The following essay will appear in Climates: Architecture and the Planetary Imaginary, published this spring by the Avery Review and Lars Müller Publishers.

Exhibition view of Terike Haapoja’s Inhale–Exhale at the 2013 Venice Biennale. Courtesy of the artist.

The human-size rectangular glass box emits a slow whoosh. A pause. And then again. It sighs. Inside the box are leaves—leaves slowly decomposing. And as they decompose, they exhale. A sound made audible to our ears through the use of carbon dioxide sensors, adapted from forestry management. Ventilation fans on either side of the box open and close, like gills. This is the breath of the earth as it is transforming. Moving through the processes of decay to nourish the soil. As the leaves exhale the carbon they have been storing throughout their lives, it releases into the atmosphere. Molecular structures exchange and transform. As they breathe out, exhale, the leaves become molecular.

Detail of Terike Haapoja’s Inhale–Exhale at the 2013 Venice Biennale. Photograph by Sandra Kantanen, courtesy of the artist.

This 2008 work, Inhale–Exhale, by Finnish artist Terike Haapoja, which was exhibited in the installation “Closed Circuit–Open Duration” at the Nordic Pavilion of the Venice Biennale of Art in 2013, affectively attunes us to the carbon cycle. The numeracy of the climate crisis, the endless barrage of statistics, here gives way to breath—to the sound of breath, to the sound of the breath of the leaves, of the soil. To the exhale we then inhale. Climate statistics pulled inside our lungs. Levels of carbon dioxide and methane and oxygen registered as vibration. “It is not enough,” Haapoja says, “to show the workings of carbon in the ecosystem: we need to try to see what does CO2 mean to us, how does it work its way in our own inner reality, the reality of love, and bodily being, and death.”1 The story of the carbon cycle is the story of things passing in and out of being, of transformation, of composition and decomposition.

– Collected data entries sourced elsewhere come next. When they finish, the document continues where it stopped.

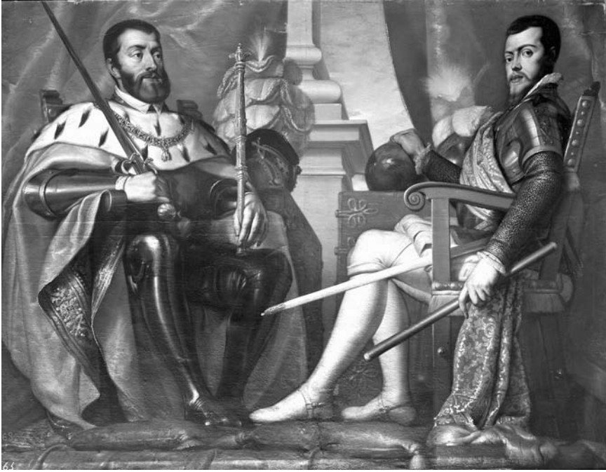
FIGURE 1. Carlos I (1500–58) and Felipe II (1527–99), oil on canvas, Spanish School, sixteenth century. Charles V and a young Philip, probably painted around the time when Philip was traveling in Flanders (1549–50) and participated in the reenactment of scenes from the Amadis of Gaul in Binche.

such as Philip II's age, the political context, the weather, the region visited, the state of the realm, and other sundry variables. The intersection of these different vectors generated unique types of responses and influenced the king's role in each instance. Although festivals, because of their reiterative quality, had important impacts on performers and audiences, each individual festival was also sui generis .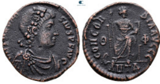
1162 Theodosius I AD 379-395. Antioch Follis Æ 18 mm, 2,36 g very fine From the Tareq Hani collection 10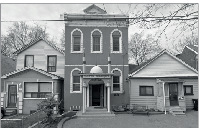
FIG. 8. FATIH MOSQUE, 182 RHODES AVE, TORONTO. | GOOGLE STREET VIEW, 2017, ACCESSED MARCH 15, 2020.

religious lectures, community centres, and often become cultural hubs for various events. Although repurposed mosques do not always express their culture through design, they nonetheless use parts of the idioms and ideas of traditional Islamic architecture and values, whether programmatically or contextually. Yet, this duality of repurposed mosques raises several questions: Do the repurposed mosques simply convey "an essentialized version of mosque architecture or do they successfully claim a sense of architectural authenticity?"<sup>23</sup> Are the subtle representations of culture behind the façades of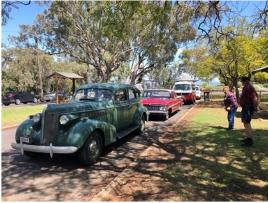
At the Lookout before going to Woolomin

Haapoja proposes that these cycles are intimate, pulled into our most constitutive and basic elements of being. I would like to take up this proposition. How, in the midst of contemporary political debates about carbon, carbon dioxide, and carbon economies, might a shift in discourse toward affective attunement—toward an intimate engagement with the molecular—augment or intervene in those politics?

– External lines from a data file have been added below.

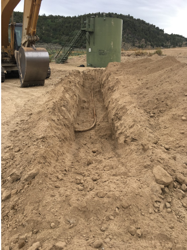
2" flowline in excavation ditch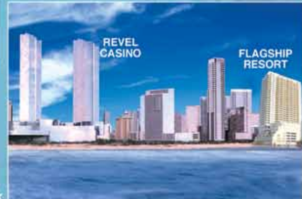
THE NEW BOARDWALK STARTS AT FLAGSHIP RESORT... JUST STEPS AWAY FROM THE NEW REVEL CASINO, SHOPPING & CASINO NIGHT LIFE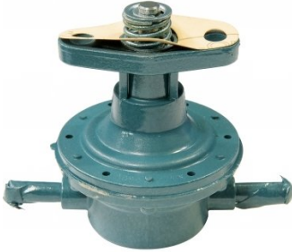
S098A Coolant Pump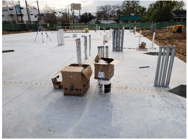
Building slab with electrical & plumbing pipe (12/17/19)

Carbon is arguably the most important molecule in an age that has been increasingly framed through the molecular. In the twentieth and twenty-first centuries, molecules have increasingly come to define our bodies and the world around us. It is the primary scientific figure visualizing the inner workings of the world. We understand our sense of self, history, and ethnicity through the fetishization of DNA, just as we alter our bodies through other molecules such as oxytocin, serotonin, estrogen, and testosterone. In other words, we manufacture our subjectivities, especially our gendered identities, on the molecular scale.2 Similarly, we are asked to think about climate change through molecular composition, including the levels of carbon dioxide, methane, etc., in the atmosphere. We increasingly understand ourselves, our identities, and our political realities through the frame of the molecule—so what are the affordances and foreclosures of this framing, especially in relation to contemporary environmental crises and climate justice?

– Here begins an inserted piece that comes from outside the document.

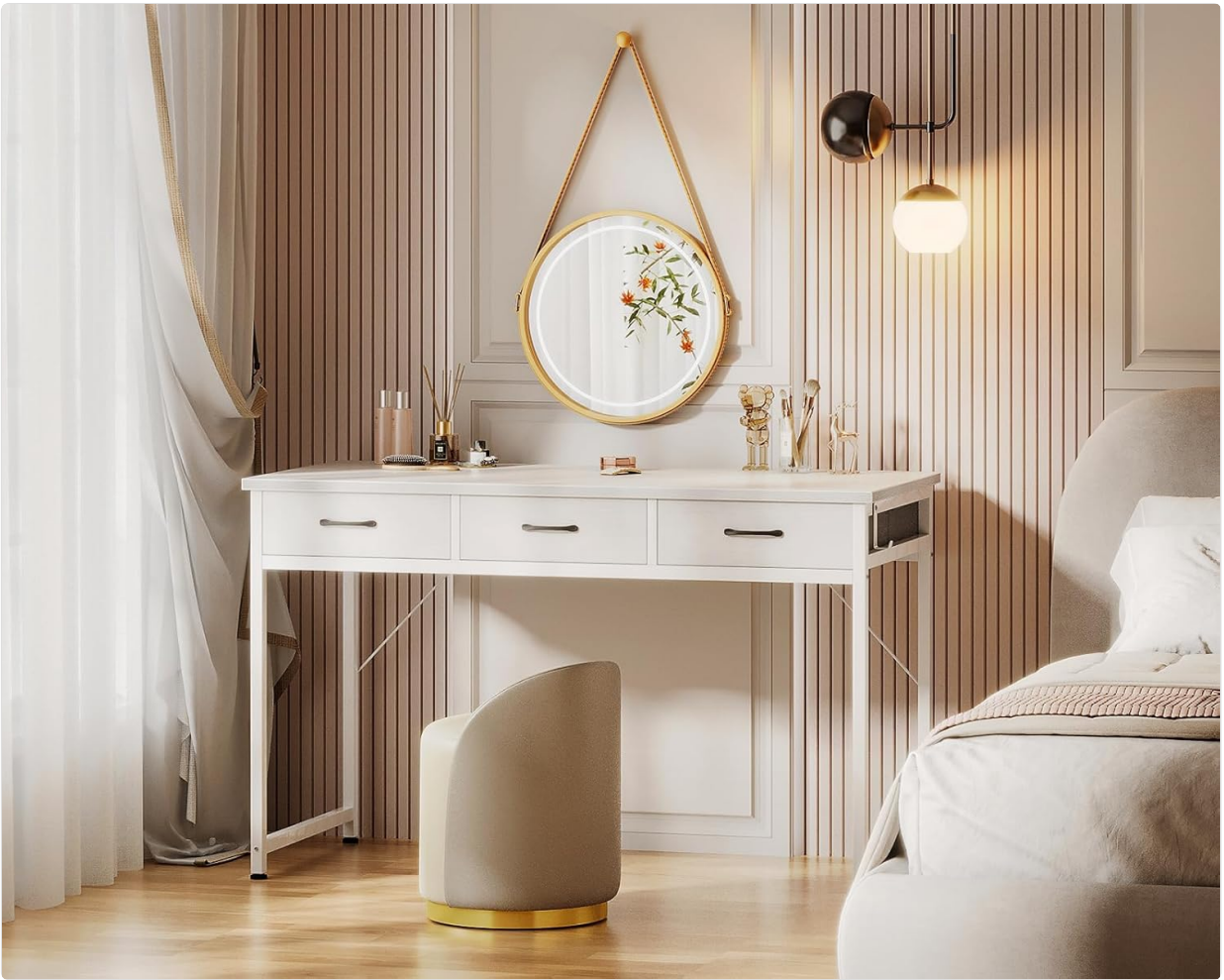
Figure 3: ODK Vanity Desk used as a makeup table in a bedroom.

For even as the effects of climate change are being felt and observed in so many communities around the world, scientific data remains abstract for many people. And the carbon molecule is at the heart of this abstraction. The molecular is a historically contingent product of scientific knowledge, with precursors in Ancient Greece—such as Leucippus and Empedocles—through to the thought of the Roman Lucretius, to more sustained considerations beginning in the seventeenth century in Northern Europe. In a paper published in Nature in 1873, Scottish scientist James Maxwell Clerk claimed that a molecule was “the smallest possible portion of a particular substance. No one has ever seen or handled a single molecule. Molecular science, therefore, is one of those branches of study which deal with things invisible and imperceptible by our senses, and which cannot be subjected to direct experiment.”3 The molecule is the making-abstract of the observable world. The molecular institutes a world beyond our senses, which pushes at the limits of the human sensorium and seems to invite the kind of technological prosthesis that today we take for granted. It wasn’t until 2009 that IBM captured the first image of a molecule, which corresponds remarkably well to the diagrams that have been in use since the early twentieth century.4

The inner structure of a pentacene molecule imaged with an atomic force microscope in August 2009, revealing its five hexagonal carbon rings and the positions of the hydrogen atoms surrounding them. Image courtesy of IBM Research–Zurich.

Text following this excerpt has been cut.